我有一个像这样的XML文件(test.xml):

<?xml version="1.0" encoding="ISO-8859-1"?>
<s2xResponse>
  <s2xData>
    <Name>This is the name</Name>
    <InfocomData>
      <DateOfUpdate day="07" month="02" year="2018">20180207</DateOfUpdate>
      <CompanyName>MY COMPANY</CompanyName>
      <TaxCode FlagCheck="0">XXXYYYWWWZZZ</TaxCode>
    </InfocomData>
    <AssessmentSummary>
      <Rating Code="2">Rating Description for Code 2</Rating>
    </AssessmentSummary>
    <AssessmentData>
      <SectorialDistribution>
        <CompaniesNumber>11650</CompaniesNumber>
        <ScoreDistribution />
        <CervedScoreDistribution>
          <DistributionData>
            <Rating Code="1">SICUREZZA</Rating>
            <Percentage>1.91</Percentage>
          </DistributionData>
          <DistributionData>
            <Rating Code="2">SOLVIBILITA' ELEVATA</Rating>
            <Percentage>35.56</Percentage>
          </DistributionData>
        </CervedScoreDistribution>
      </SectorialDistribution>
    </AssessmentData>
  </s2xData>
</s2xResponse>

我试图获得&#34;姓名&#34;节点文本(&#34;这是名称&#34;),使用XmlExtractor的U-SQL脚本。

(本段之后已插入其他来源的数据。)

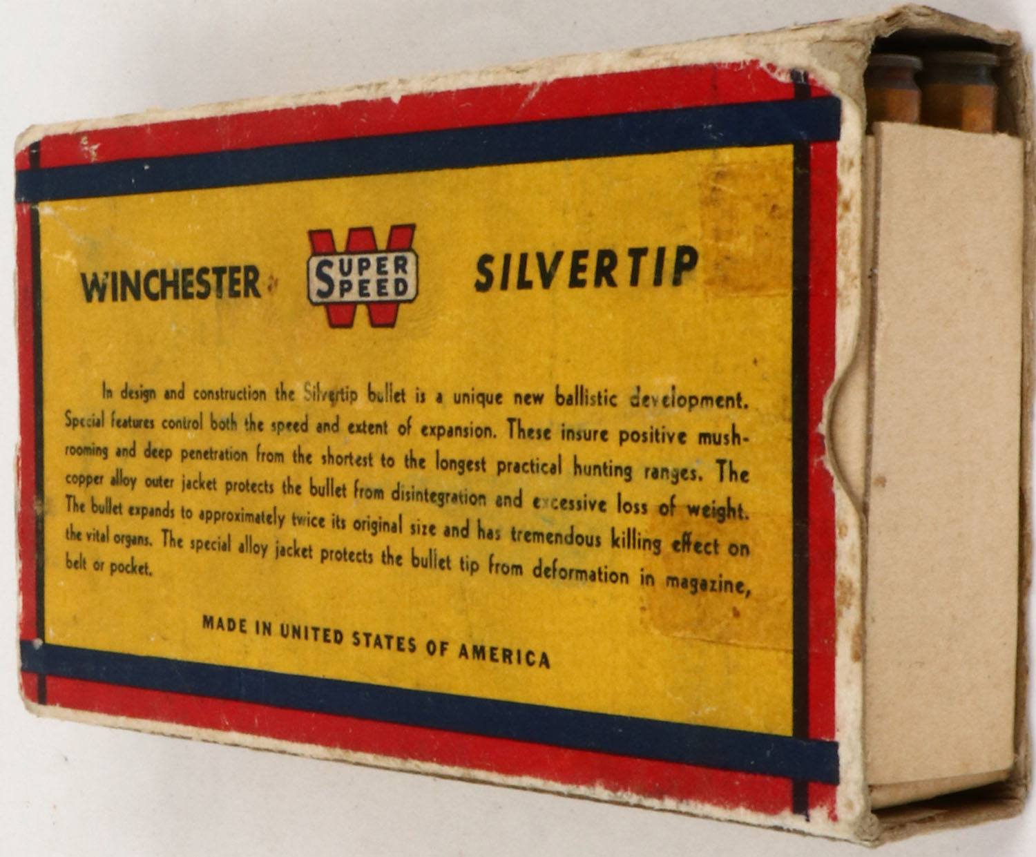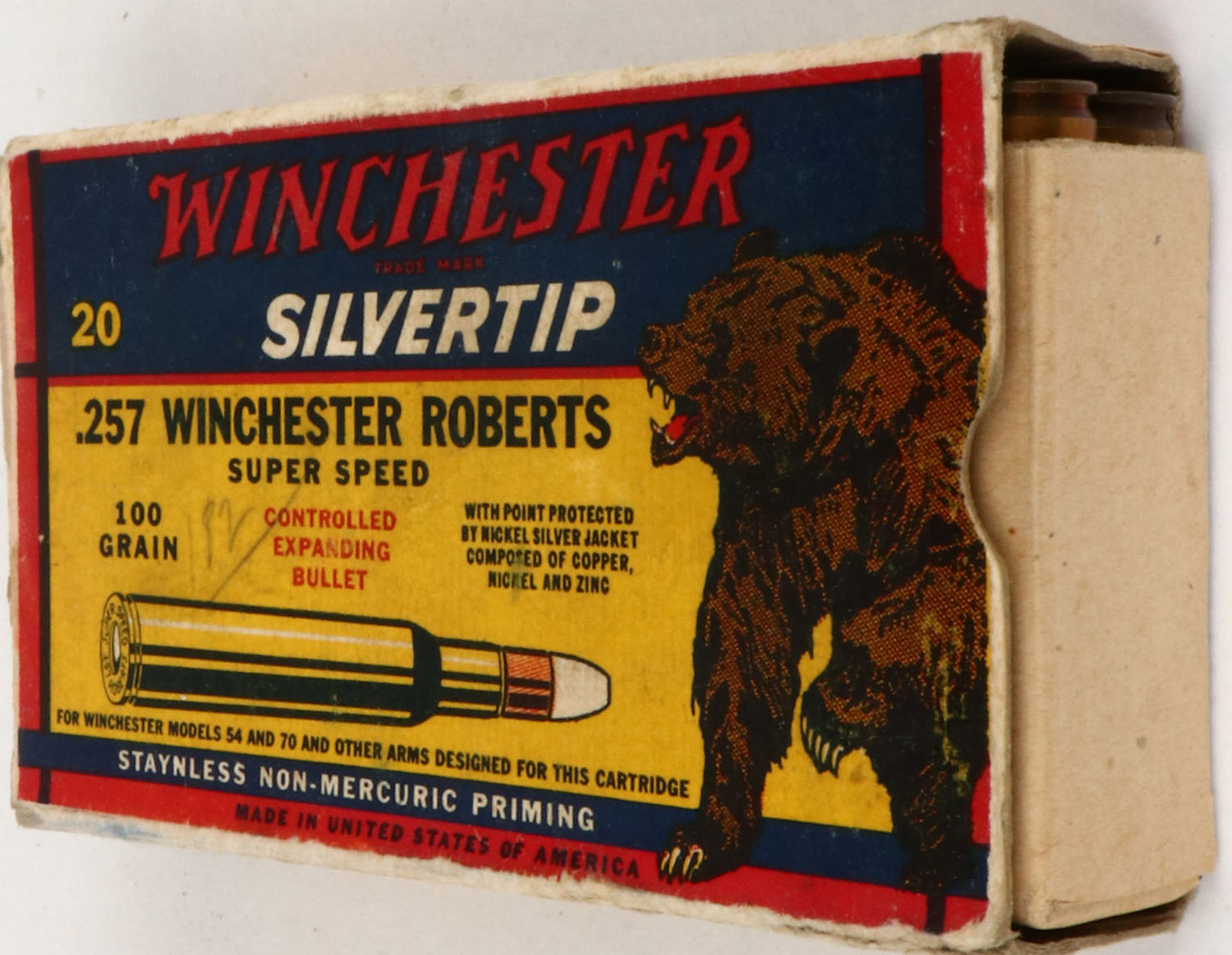 Winchester, Silvertip, .257 Winchester Roberts, 100 Grain Controlled Expanding Bullet, Full, 1pc. Yellow blue & red Bear Box, box is missing both end flaps with excellent color, minor age soiling, some edge & corner wear, top has been written on, ammo is excellent. Grade: Very Good + - Value: 20 to 100

以下是我使用的代码:

USE TestXML; // It contains the registered assembly

REFERENCE ASSEMBLY [Microsoft.Analytics.Samples.Formats];

@xml = EXTRACT xml_text string
       FROM "textxpath/test.xml"
       USING Extractors.Text(rowDelimiter: "^", quoting: false);

@xml_cleaned =
    SELECT
        xml_text.Replace("\r\n", "").Replace("\t", "    ") AS xml_text
    FROM @xml;

@values =
    SELECT Microsoft.Analytics.Samples.Formats.Xml.XPath.Evaluate(xml_text, "s2xResponse/s2xData/Name")[1] AS value
    FROM @xml_cleaned;


OUTPUT @values TO @"outputs/test_xpath.txt" USING Outputters.Text(quoting: false);

但是我收到了这个运行时错误:

  

执行失败,出现错误&#39; 1_SV1_Extract错误:   &#39; {&#34; diagnosticCode&#34;:195887116&#34;严重性&#34;:&#34;错误&#34;&#34;组分&#34;:&#34; RUNTIME&#34 ;,&#34;源&#34;:&#34;用户&#34;&#34; ErrorID中&#34;:&#34; E_RUNTIME_USER_EXPRESSIONEVALUATION&#34;&#34;消息&#34;:&#34 ;错误   在评估表达时   Microsoft.Analytics.Samples.Formats.Xml.XPath.Evaluate(xml_text.Replace(\&#34; \ r \ n \&#34 ;,   \&#34; \&#34;)。替换(\&#34; \ t \&#34;,\&#34; \&#34;),   \&#34; s2xResponse / s2xData / Name \&#34;)[1]&#34;,&#34; description&#34;:&#34;内部异常来自   用户表达式:索引超出范围。必须是非负的和更少的   而不是集合的大小。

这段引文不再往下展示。